Une fois de plus, c’est la Cour des comptes qui met les pieds dans le plat. Le Conseil des Prélèvements obligatoires, un organisme technique qui lui est rattaché, décrit le tour de passe-passe opéré par l’Etat pour modifier la réalité et se donner l’allure d’un bon gestionnaire. L’objectif est clair : "il s’agit de contourner les contraintes budgétaires", souligne le rapport, en modifiant certains systèmes de financement. En clair, pour tenir les objectifs affichés de maîtrise des dépenses publiques, on transfère directement des missions à certains organismes qui les assurent grâce à des ressources obtenues par des taxes spéciales, qui prennent la place des dotations classiques. Celles-ci ont des affectations très variées et prennent la forme d’impositions en apparence très modestes sous la forme d’un prélèvement de quelques fractions d’euro, mais qui montent ensuite en régime. Elles se dissimulent dans une enveloppe dont le contribuable ne perçoit pas tous les détails, mais qui n’en  représentent pas moins une imposition  qui grossit au fil des ans. En clair, on crée une fiscalité parallèle qui échappe au régime ordinaire. C’est ce qu’on appelle la débudgétisation. Ainsi, selon la Cour des comptes, 214 taxes nouvelles ont été affectées à 453 organismes en 2013 pour une somme de 28 milliards d’euros. Et un nouveau bond en avant se prépare pour l’an  prochain avec une progression de l’ordre de 25% des sommes affectées. La Cour des comptes vise certains organismes très gourmands comme l’agence pour la maîtrise de l’énergie, les Chambres de commerce et d’industrie ou encore le Centre national du cinéma et les dispositifs de solidarité nationale. Et elle préconise de réintégrer dans le prochain budget trente-trois de ces taxes, en mettant un plafond sur les autres, afin de porter un coup d’arrêt au rythme  d’augmentation de ces dépenses qui progressent de 4,5 % par an depuis 2007, contre 1,3% pour le budget officiel. Car le système actuel est particulièrement pernicieux. Il permet de contourner l’effet des coups de rabot. Il représente un encouragement sournois à la dépense dans un pays qui est déjà drogué à la manne publique et où la volonté de guérir le malade continue de faire défaut.

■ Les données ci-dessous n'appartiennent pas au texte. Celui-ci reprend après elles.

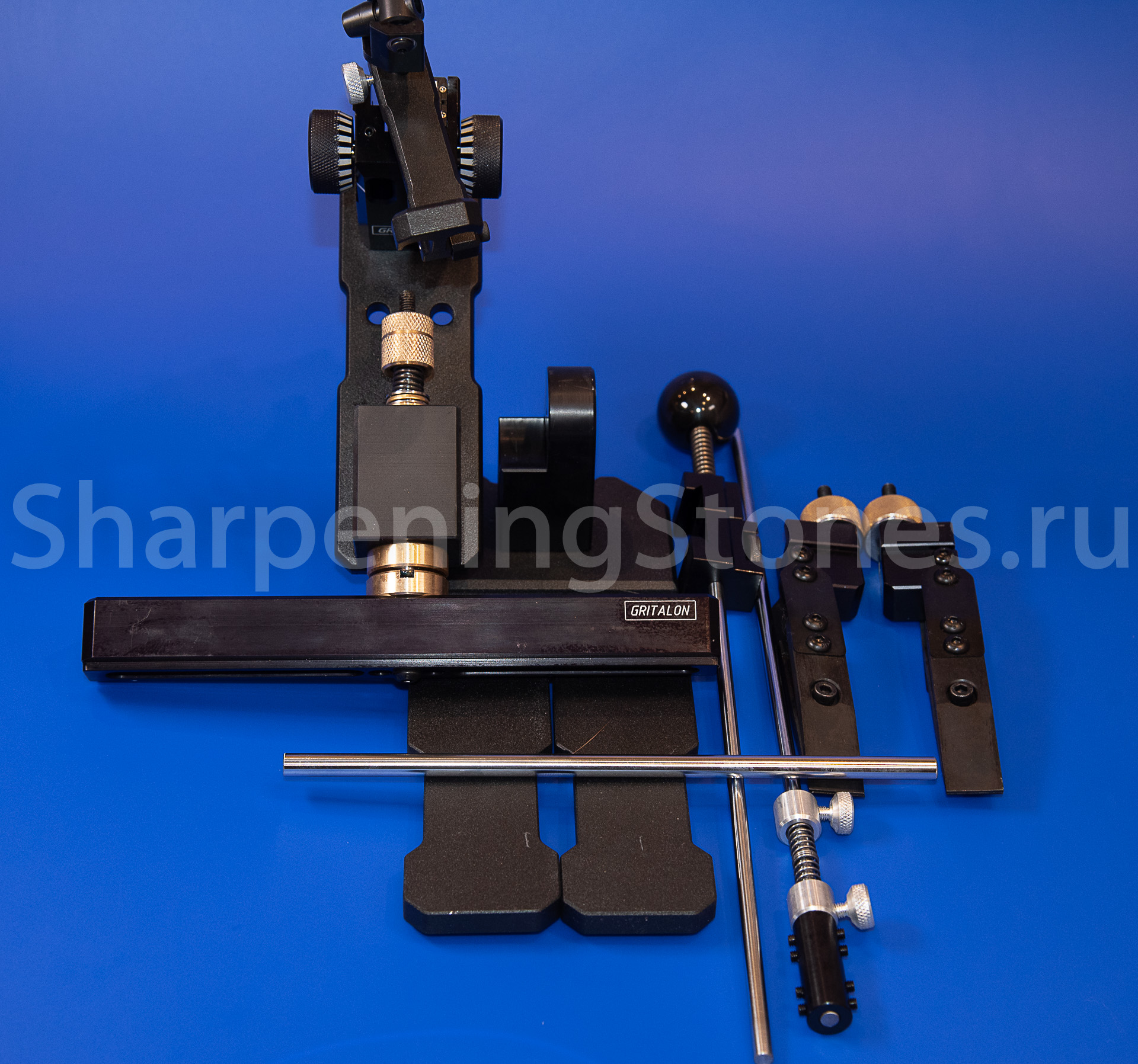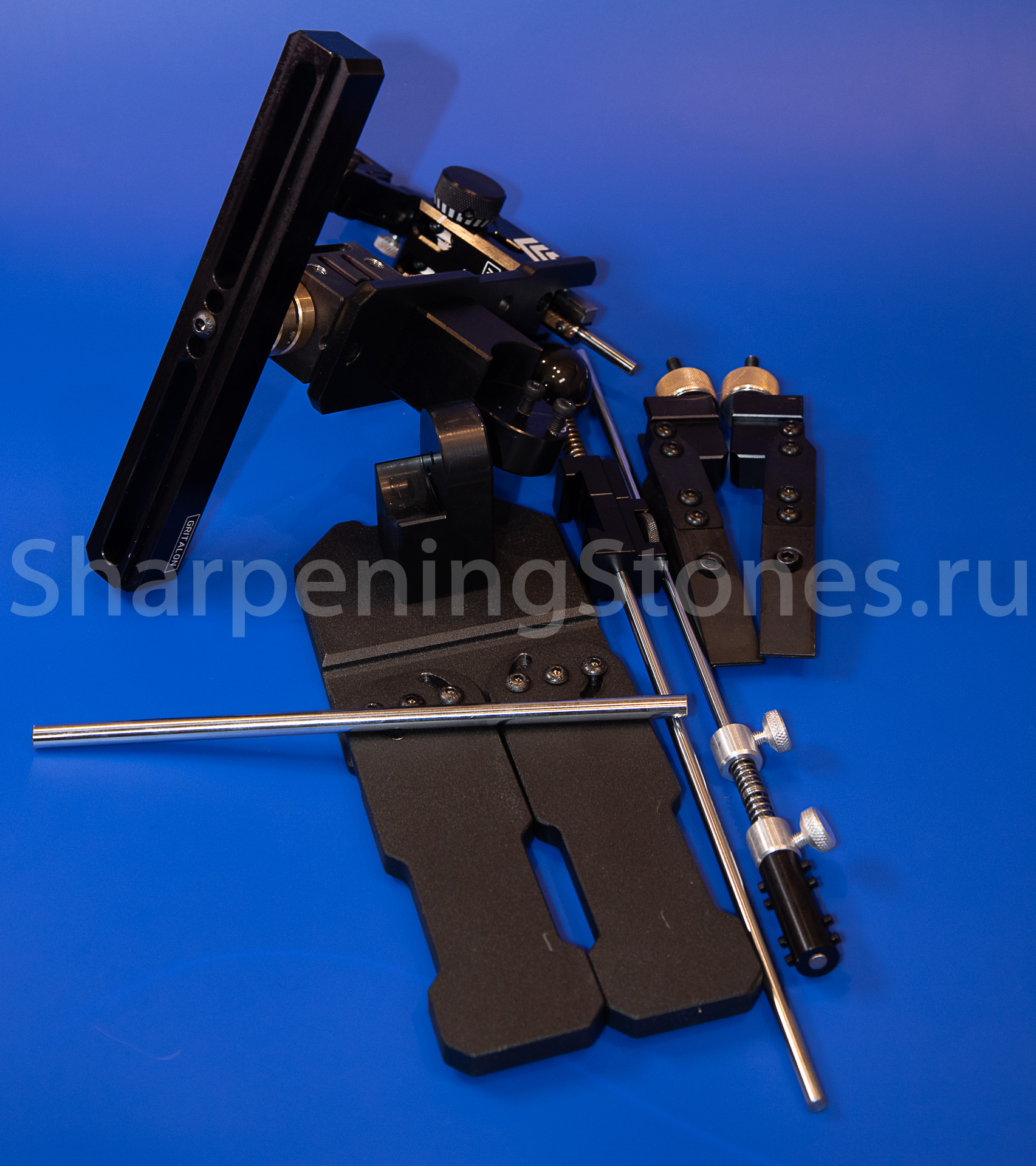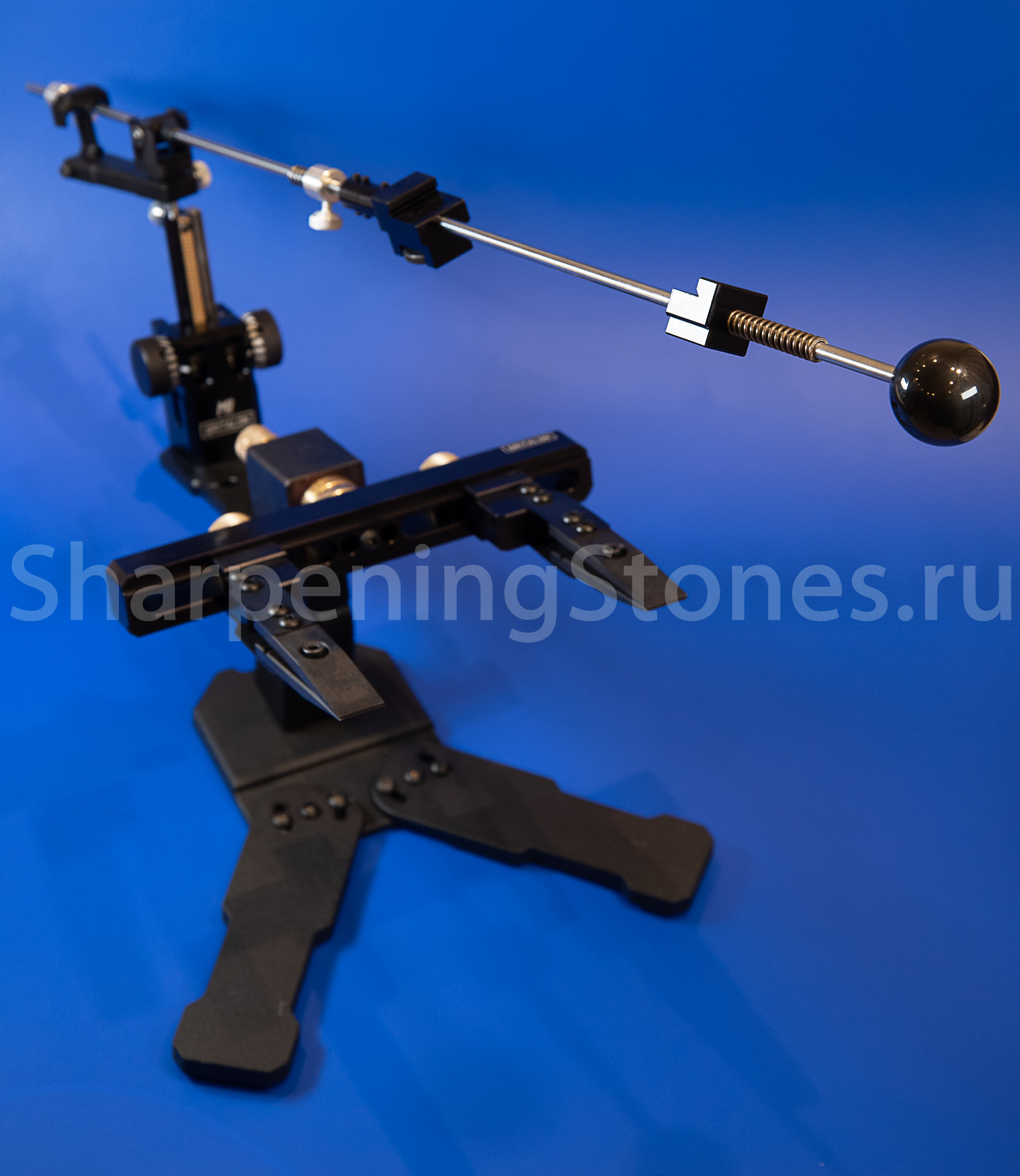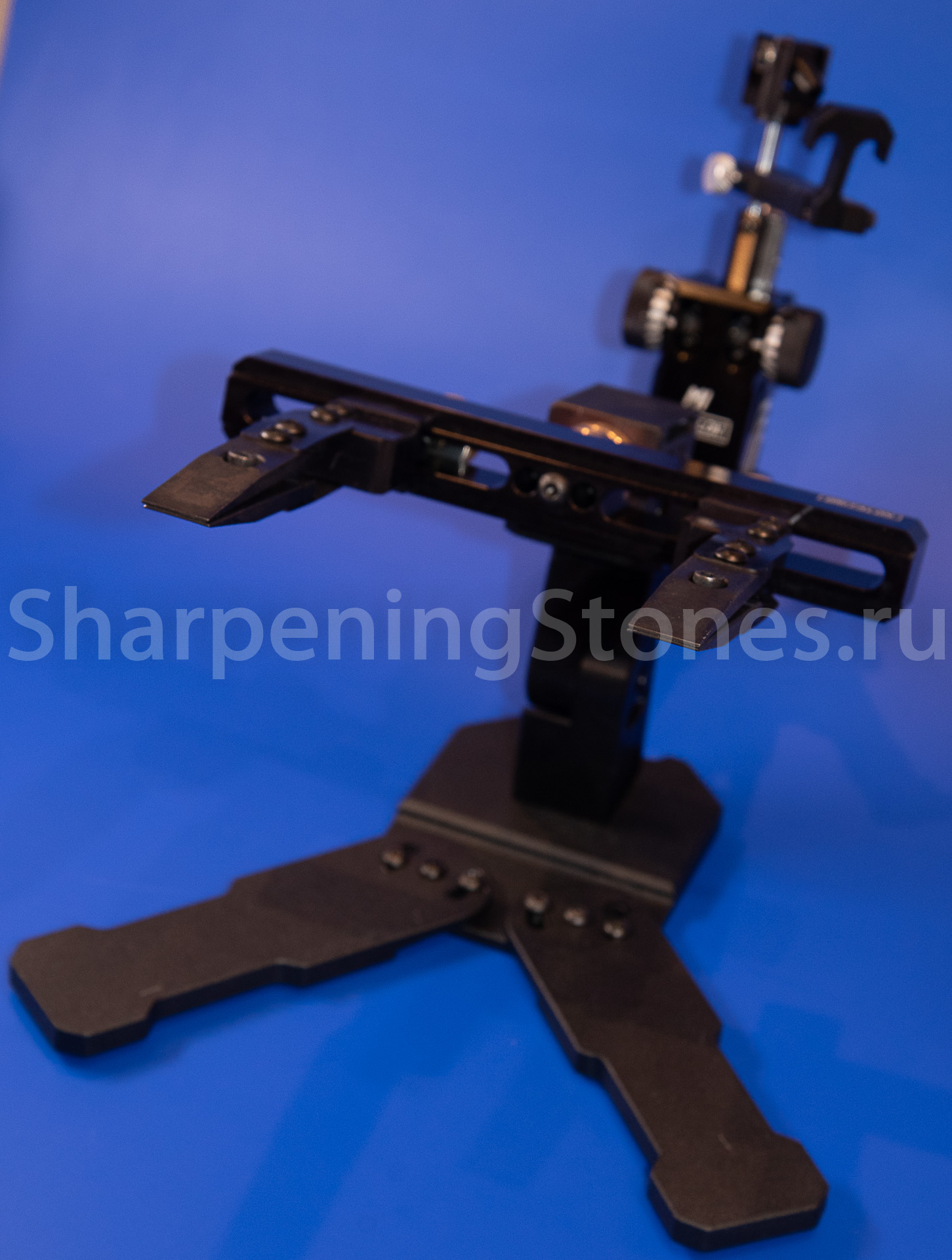 Зажим из алюминия регулируется на любой размер камней от 50 до 230 мм, жесткая пружина с большим ходом позволяет зажимать камни как на бланках, так и без них. Стойка регулировки позволяет выставить угол заточки от 10 до 30 градусов на сторону или от 20 до 60 на полный угол заточки.

On peut douter que le gouvernement suivra les préconisations de la Cour des comptes, car elles feraient apparaître le caractère tragique d’un déficit qui évolue déjà au rythme de 4% du produit intérieur brut. Mais un signal positif de l’Etat aurait pourtant été le bienvenu pour endiguer une autre source de déficit, engendré par les collectivités locales dont l’ardeur dépensière ne connaît pas de limites alors que va s’ouvrir la campagne électorale pour le  renouvellement des conseils municipaux.